··· DATASET CONTENT ···

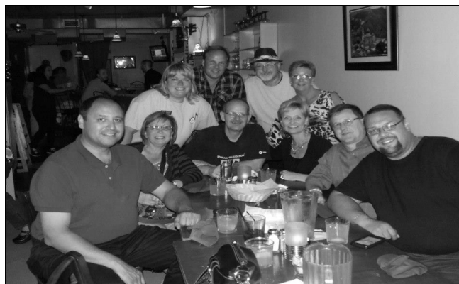
At Mexican Restaurant in Rehoboth Beach, Delaware
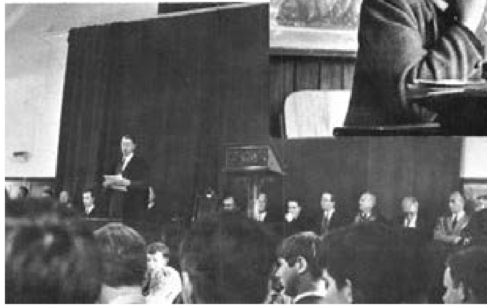
"In arguing, too, the parson owned his skill, For e'en though vanquished, he could argue still."
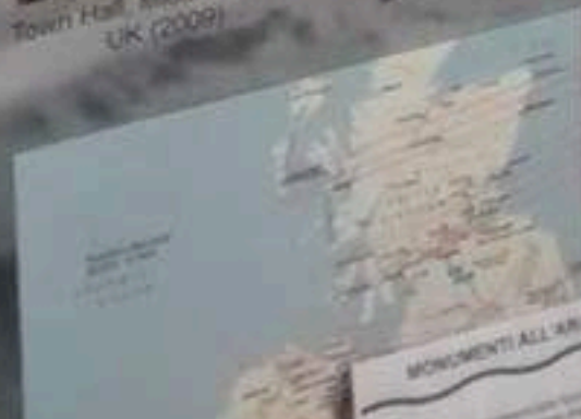
MONUMENTI ALL'ARANDORA STAR
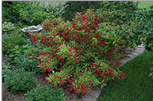
Red Prince Weigela in bloom
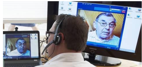
Innovation and technology are increasingly an important part of the Care sector in the UK
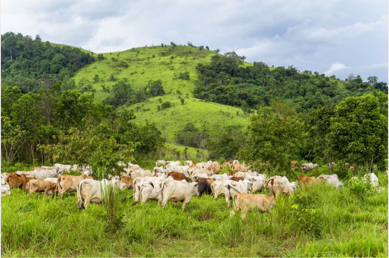
Cattle Grazing in PT CAP in South Kalimantan
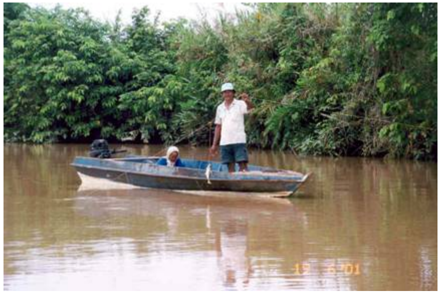
Figure 4. Catching fish using Hook & Line in Kinabatangan River, Sabah
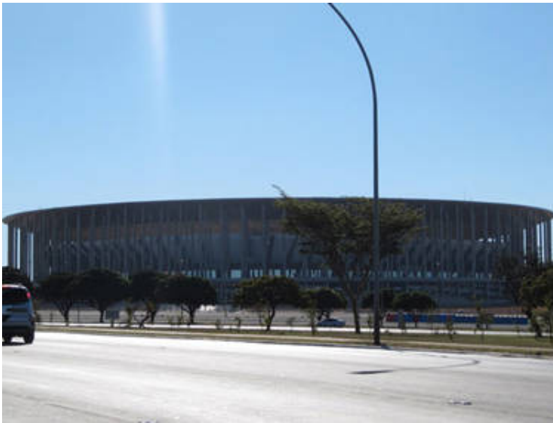
Controversial newly constructed stadium
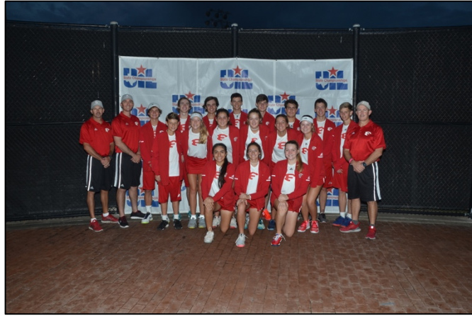
Fredericksburg 4A State Champions
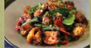
PAD PRIK KHING 🌶️ 26 Stir fried crispy pork with chilli kaffir lime jam and green bean
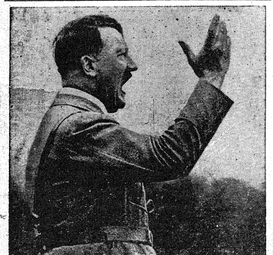
CHANCELLOR-PRESIDENT ADOLF HITLER
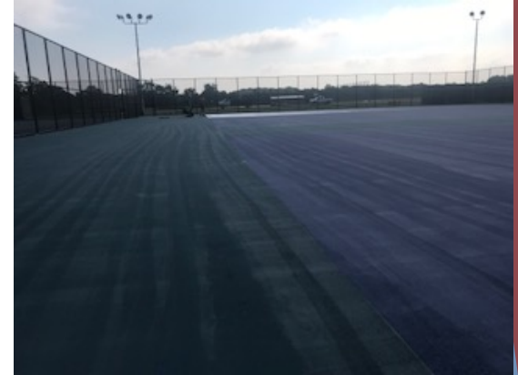
HS Tennis Court
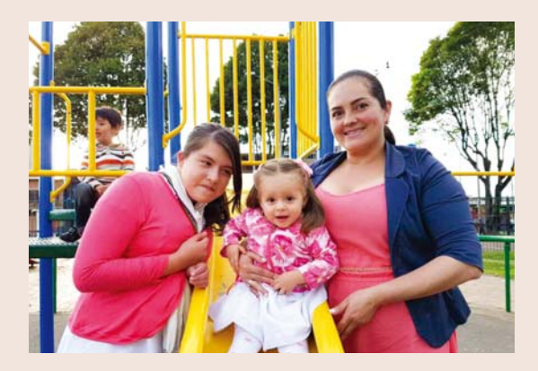
Before the prayer
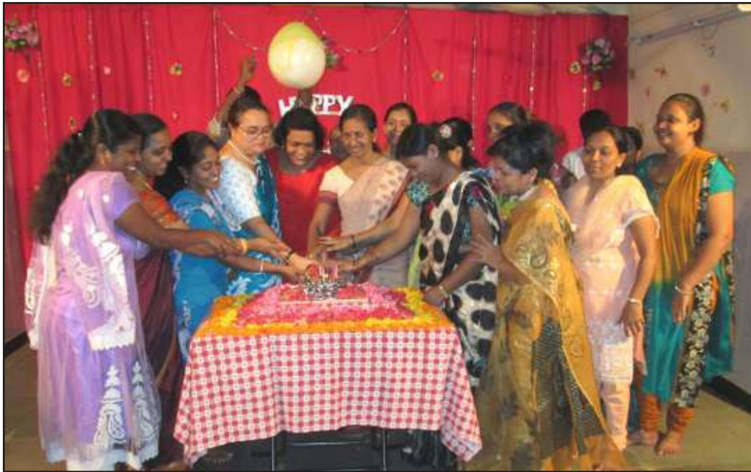
Centre Heads of all the 7 centres

c. Teacher's Day: The children planned and executed Teachers Day programme, at Sahar centre for all the teaching and non-teaching staff of Ashadeep. They presented a cultural programme followed by many games. The staffs were given small gifts as a token of love. All of them had a great time and it was a learning experience for all the children.
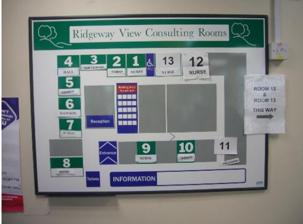
Door signs and building plan
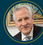
CARLOS SANTIAGO Commissioner Massachusetts Department of Higher Education
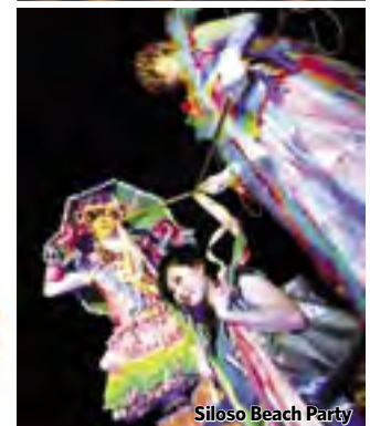
Siloso Beach Party
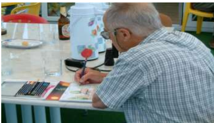
Time for a spot of painting

Bar bills can be settled in Euro or by credit card in the land based Hotels, but not credit card on the Floating Hotel.
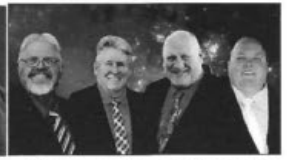
Common Bond Quartet Raceville, KY

···

__WHAT TO WORK ON__.
Copy each line from the data above that includes "Beach".

__OUTPUT FOR THIS EXERCISE__.
At Mexican Restaurant in Rehoboth Beach, Delaware
Siloso Beach Party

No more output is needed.